★★★☆☆
Director: Tom Hooper
Starring: Hugh Jackman, Russell Crowe, Anne Hathaway, Amanda Seyfried
❝ TO LOVE ANOTHER PERSON IS TO SEE THE FACE OF GOD. ❞
Synopsis: Several years after the beginning of the French Revolution, Jean Valjean (Hugh Jackman) has just finished serving his sentence for a crime he committed. When he breaks his parole, he is hunted by Javert (Russell Crowe), whilst trying to change his ways and become an honest man. In this journey he meets Fantine (Anne Hathaway) and agrees to take care of her child, Cossette (Amanda Seyfried). An epic journey of romance, justice, tragedy and self-realisation in the midst of a passionate revolution begins.

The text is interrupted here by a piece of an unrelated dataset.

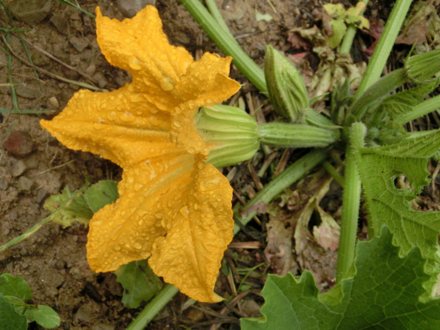 - それを朝に収穫したズッキーニの花に詰め、閉じて冷凍しておく

This film - what can be said about it that hasn't already been said? It's loud, it's obnoxious, and it demands to be seen and heard. However, whilst the story itself is one of the greatest stories ever written, that doesn't mean that a film adaptation will give it the voice it deserves. Les Misérables asks us to pity, constantly pity each character to the point where they just didn't feel human anymore. I think the problem was each unnecessary camera angle, the laboured singing, the godawful cinematography as a whole made it feel like a film and just that. Nothing more, nothing less. It didn't even attempt to pull the audience into an experience of a lifetime, which this had the potential to be. There were at times gentle and quiet moments and these revealed small fragments of hope that the film may calm down and just believe in itself. With a story like Les Misérables it already has the power deeply imbedded in it that there really doesn't need to be such a grand spectacle made of it - it can make a quiet understated film and be just as much of a triumph as this kind. It's a shame Hooper chose to make this a grand epic, because the runtime felt too long and thus felt like he didn't understand the story well enough. That being said, the performances in this were absolutely breathtaking, and in particular Hugh Jackman giving, what could very well be, the performance of his career. In fact, Hugh really carried this film well; yes, the supporting cast did a wonderful job too, but Jackman had a presence and really stripped his real identity to become Jean Valjean. I don't think Les Misérables is the roaring success that it should have been simply because of Hooper's choices as a director. Still, I think it's worth watching because these actors really pour their hearts and souls into giving their characters life, and that is such a rare thing to see in mainstream cinema today.